Alvarado Trunk Sewer Phase IV

Built in the mid-1960s, the Alvarado Trunk Sewer is in need of replacement and upsizing to meet the demand of the area’s growing population. The existing sewer alignment is located within residential and commercial areas, as well as across highways and environmentally sensitive areas, making access for maintenance and construction difficult. Aiming to increase capacity and improve access, the City of San Diego undertook its largest trunk sewer project—an approximately $45 million initiative to upsize and relocate the sewer away from residences and businesses and minimize community impacts.

What We Did

To accommodate future peak flows of up to 25 million gallons per day (MGD), the project team evaluated alternatives to relocate the existing pipeline, which ranges between 21 and 30 inches in diameter, and designed the selected pipeline alignment that ranges between 27 and 42 inches in diameter for a length of 3.5 miles. The project also includes sliplining the existing trunk sewer along segments where existing lateral flows need to be diverted to the new trunk sewer.

Segments of the sewer will be constructed through Environmentally Sensitive Areas and within the highly congested Alvarado Road, a key access corridor to San Diego State University and the Alvarado Hospital. The project also includes nine trenchless drives, including microtunneling and jack and bore segments, to cross highways, as well as large storm drain culverts, permitting, and easement acquisitions.

Key Features

  • 3.5-mile sewer replacement upgrades 50-year-old pipeline and increases system capacity.

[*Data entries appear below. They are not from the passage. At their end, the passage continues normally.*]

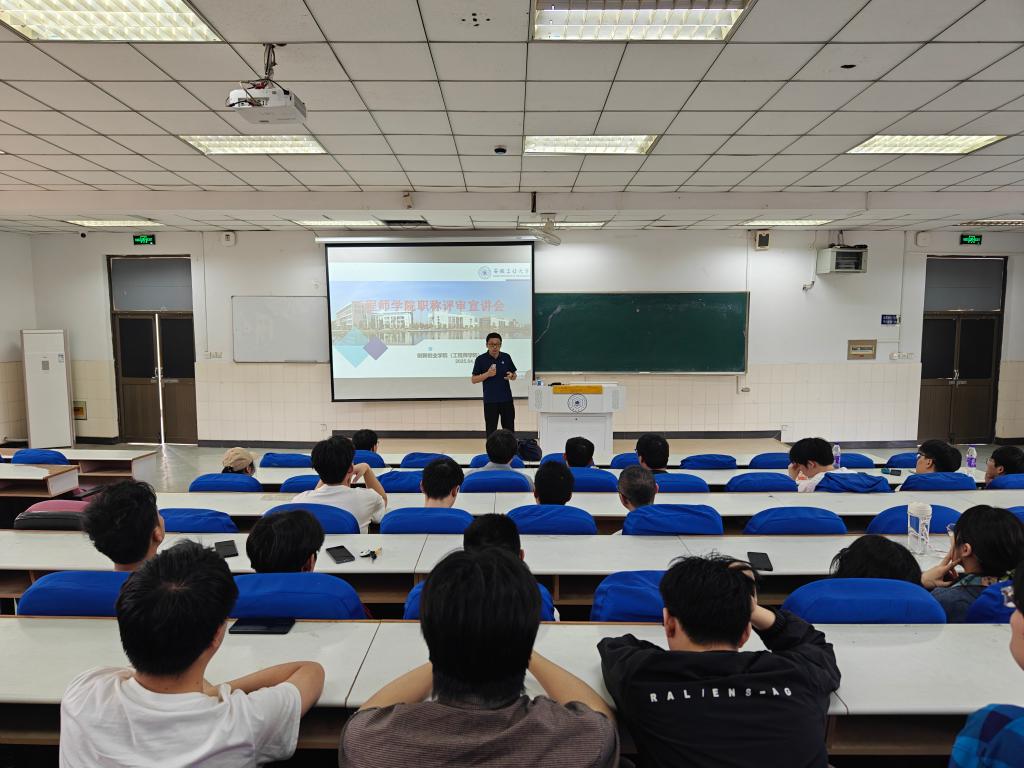 在阶教102召开2025届工程师学院职称评审宣讲会,系主任邓小龙、唐绪兵、杨辉及2025届毕业班同学参加会议,会议由毕业班辅导员张佳良主持。
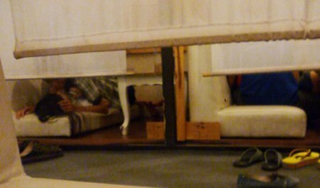 Bên trong những căn buồng có người, đủ loại âm thanh phát ra làm cho câu chuyện của họ lẫn vào nhau. Mấy buồng đầu của các đôi trẻ, chỉ nghe rõ tiếng các cô gái trách yêu bạn trai vì tội dám "sàm sỡ". Có cô hồn nhiên đến nỗi hét toáng lên mỗi khi bị người yêu âu yếm, khiến các đôi ở buồng bên cạnh phải tạm dừng vài phút để "hóng".
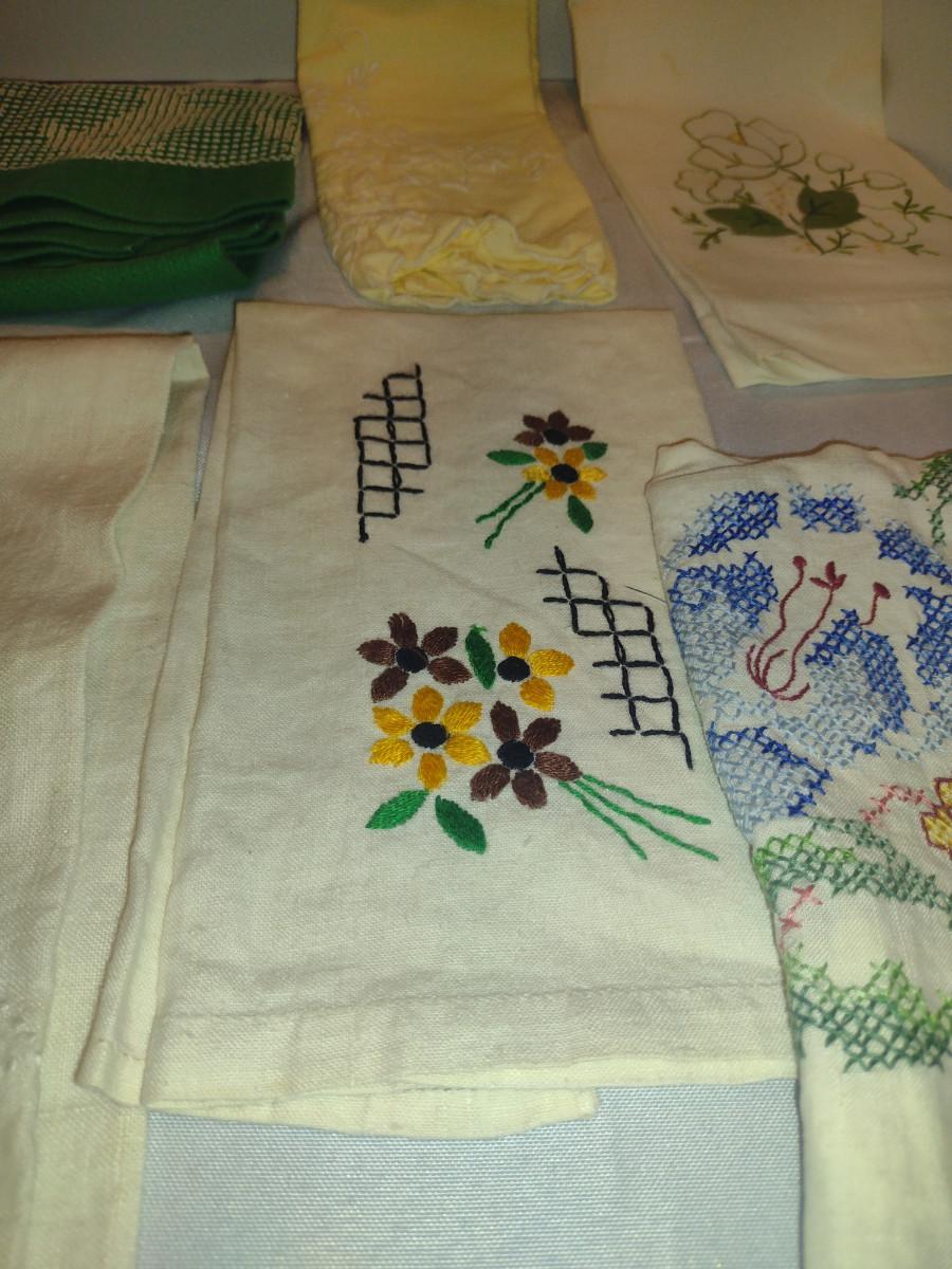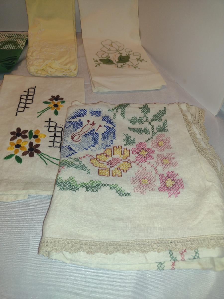 Collection of Hand Towels/Linens with Needlework or Embroidery. Please see all pictures for selection.
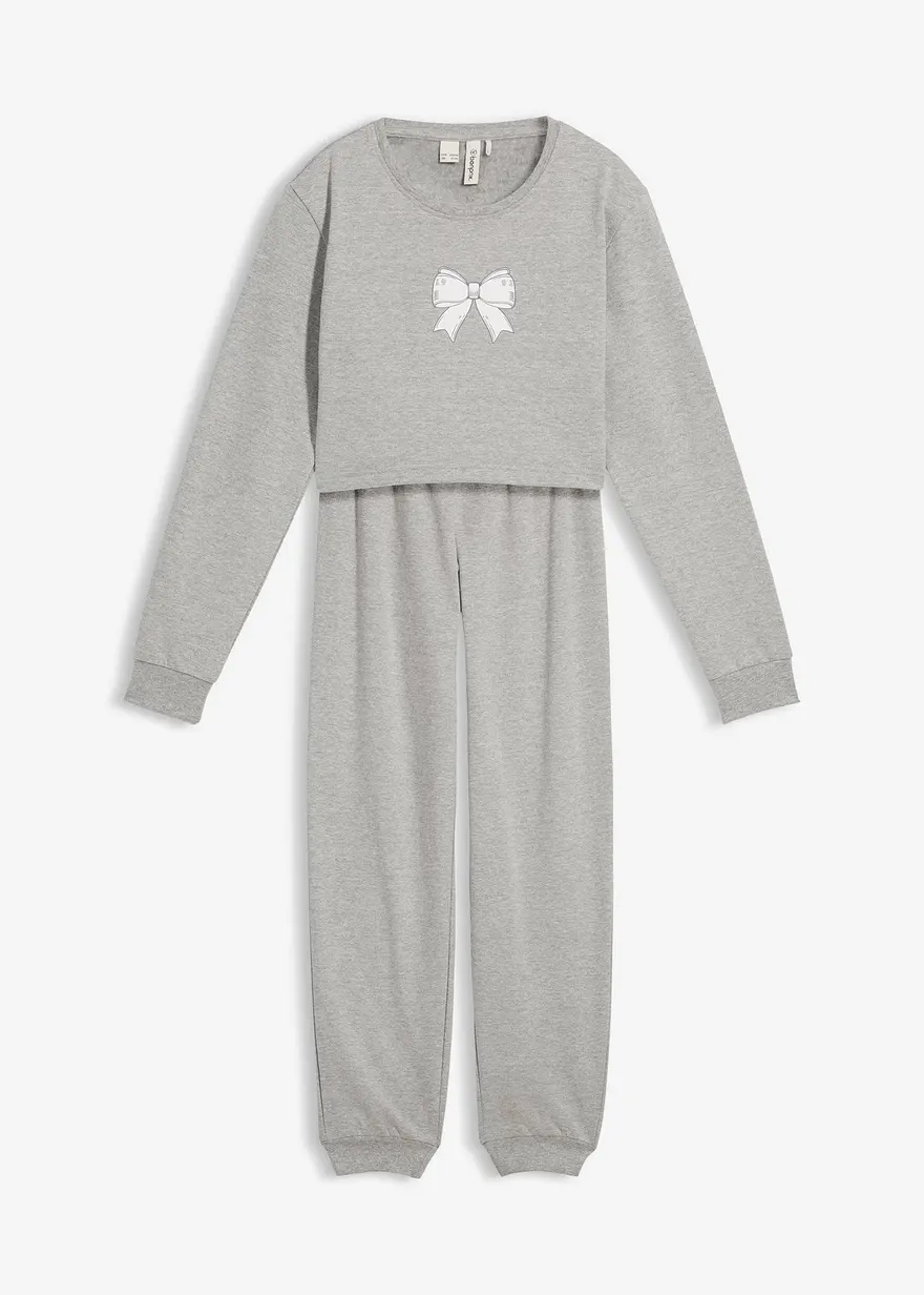 Bequemer Hausanzug mit einem Sweatshirt in cropped Optik und langen Ärmeln, Dazu eine weiche Sweathose.
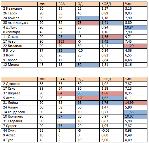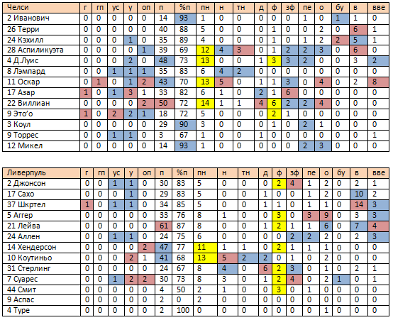 Во втором матче к ряду слабо себя показали полузащитники «Ливерпуля», отвечающие за созидание. Хендерсон, Коутиньо и Стерлинг на троих произвели 2 выстрела по воротам и дважды выводили партнеров на ударные позиции, для сравнения Азар, Виллиан и Оскар нанесли 4 удара и еще 5 раз создавали моменты для партнеров.
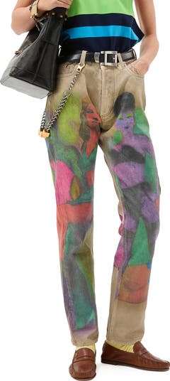 Italian-crafted and cut straight through the leg, these runway-featured jeans lean into the honest character of rigid denim. Vivid acid-toned graphics depict hand-stenciled figures true to Dario Vitalie's late-'80s vision for the collection. Signature Medusa head hardware on the back leather patch adds a small flash of polish.
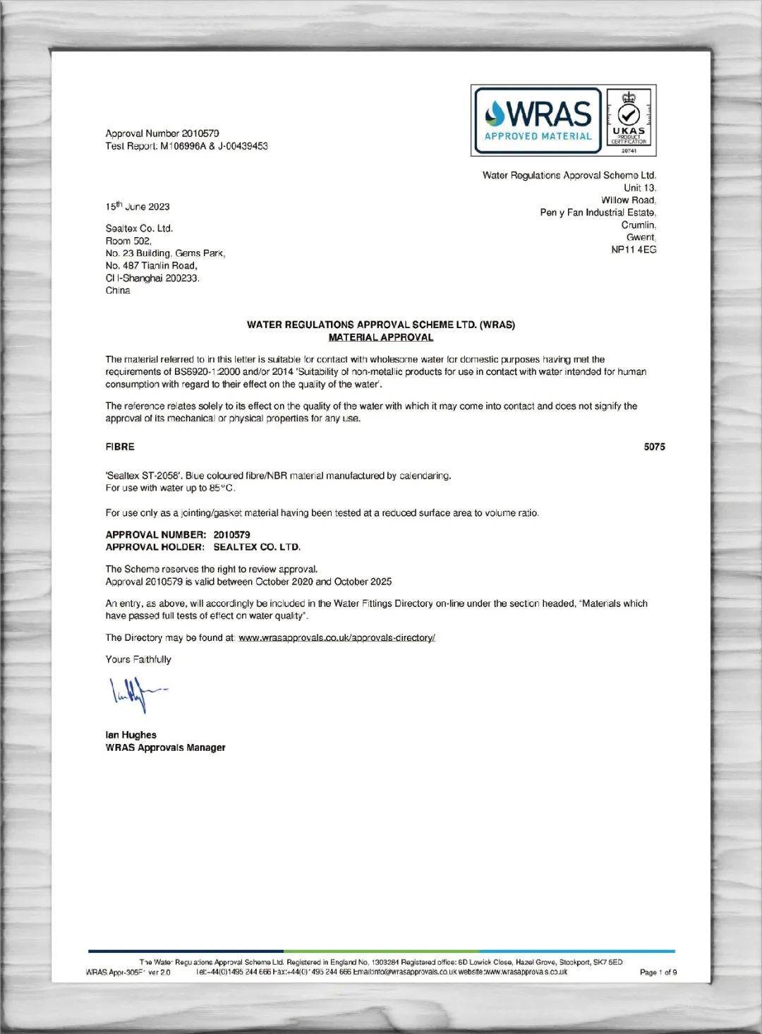 SealTex索拓ST-2058無石棉密封材料通過WRAS(Water Research Advisory Scheme)認證。

  • Hydraulic analyses ensure proper functionality of pipeline realignment.

  • 1.5-mile sliplined section eliminates need for trenching to reduce construction disruption.

  • Plumbing cleanouts provide access for maintaining connecting lines.

OUTCOMES

Increased sewer system capacity improves reliability.

Easement acquisitions for up to 20 parcels.

Relocated majority of the trunk sewer to public right-of-way to minimize community impacts.

Trenchless drives designed to minimize permitting and to mitigate environmental impacts.